By Samantha Pearson in São Paulo

Brazil has promised to cut $18.5bn in public spending, as a former star of emerging markets struggles to win back investors’ trust.

After cancelling his trip to the Group of 20 meeting in Australia this weekend, in order to finalise the country’s fiscal policy, Guido Mantega, Brazil’s finance minister, announced a new primary surplus goal of 1.9 per cent on Thursday.

To meet this target, the government will have to slash R$44bn ($18.5bn) from the budget planned for this year, relying heavily on cuts to discretionary spending in Congress.

While some observers doubt that President Dilma Rousseff will be able to achieve this in an election year, the target was largely welcomed as being more realistic than in the past – a sign of the government’s efforts to improve its credibility.

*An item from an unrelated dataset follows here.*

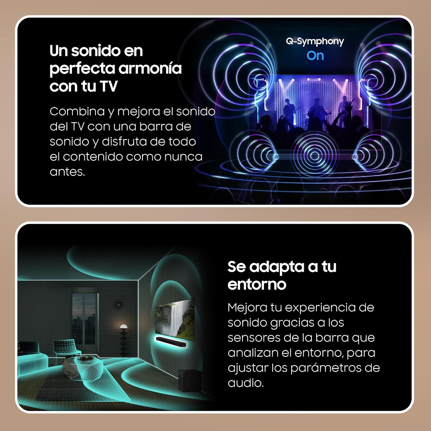 Q-Symphony: Disfruta de todos los altavoces a la vez. Esta tecnología exclusiva de Samsung combina el sonido del TV con la barra de sonido, sin anular ninguno.

Faced with the threat of an imminent ratings downgrade in Brazil, Ms Rousseff, a former Marxist guerrilla, has come under growing pressure to make herself and her government more investor-friendly.

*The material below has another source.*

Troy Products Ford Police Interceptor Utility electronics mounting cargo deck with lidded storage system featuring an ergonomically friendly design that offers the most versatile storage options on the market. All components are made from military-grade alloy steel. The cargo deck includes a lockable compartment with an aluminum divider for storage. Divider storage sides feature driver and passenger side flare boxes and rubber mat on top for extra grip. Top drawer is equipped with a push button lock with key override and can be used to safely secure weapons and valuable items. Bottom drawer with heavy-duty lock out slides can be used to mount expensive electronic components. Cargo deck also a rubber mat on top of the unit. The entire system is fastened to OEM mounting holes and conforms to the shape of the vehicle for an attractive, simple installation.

Brazil’s currency, the real, strengthened 0.6 per cent against the dollar following the announcement.

“The proof of the pudding is in the eating and it’s going to be challenging to deliver this in an environment of less growth, but it’s more feasible than delivering a large surplus,” said Marcelo Salomon, an economist at Barclays.

Before the announcement, economists had worried that the government would either promise to cut too little from the budget or set such an ambitious savings target that there would be no hope of meeting it, said Mr Salomon.

After impressing global investors with growth of 7.5 per cent in 2010, Brazil’s economy has rapidly decelerated. Central bank data last week indicated that the country entered a recession in the fourth quarter of last year.

However, the government continues to spend like it is 2010, economists say.

Last year, Brazil failed to meet its primary surplus goal, even though it was revised down to 2.3 per cent from 3.1 per cent. The government has also resorted to dubious methods to make ends meet over the past few years, including “creative accounting” and putting pressure on the tax authorities to settle multibillion-dollar back-tax disputes.

But after Standard & Poor’s placed Brazil’s rating on a negative outlook in June last year, the government has been under intense pressure to improve its fiscal policy.

Last month, Ms Rousseff also attended the World Economic Forum in Davos for the first time in an effort to woo business leaders. Two years ago, she shunned the event in favour of a visit to Cuba.

Some economists remain sceptical about Brazil’s ability to meet its more modest fiscal target and win back investors.

The primary budget goal is predicated not only on problematic cuts to discretionary spending but is also based on an overly optimistic estimate of 2.5 per cent growth this year, says Tony Volpon, an economist at Nomura. “We’ve just changed our estimate to 1.3 per cent.”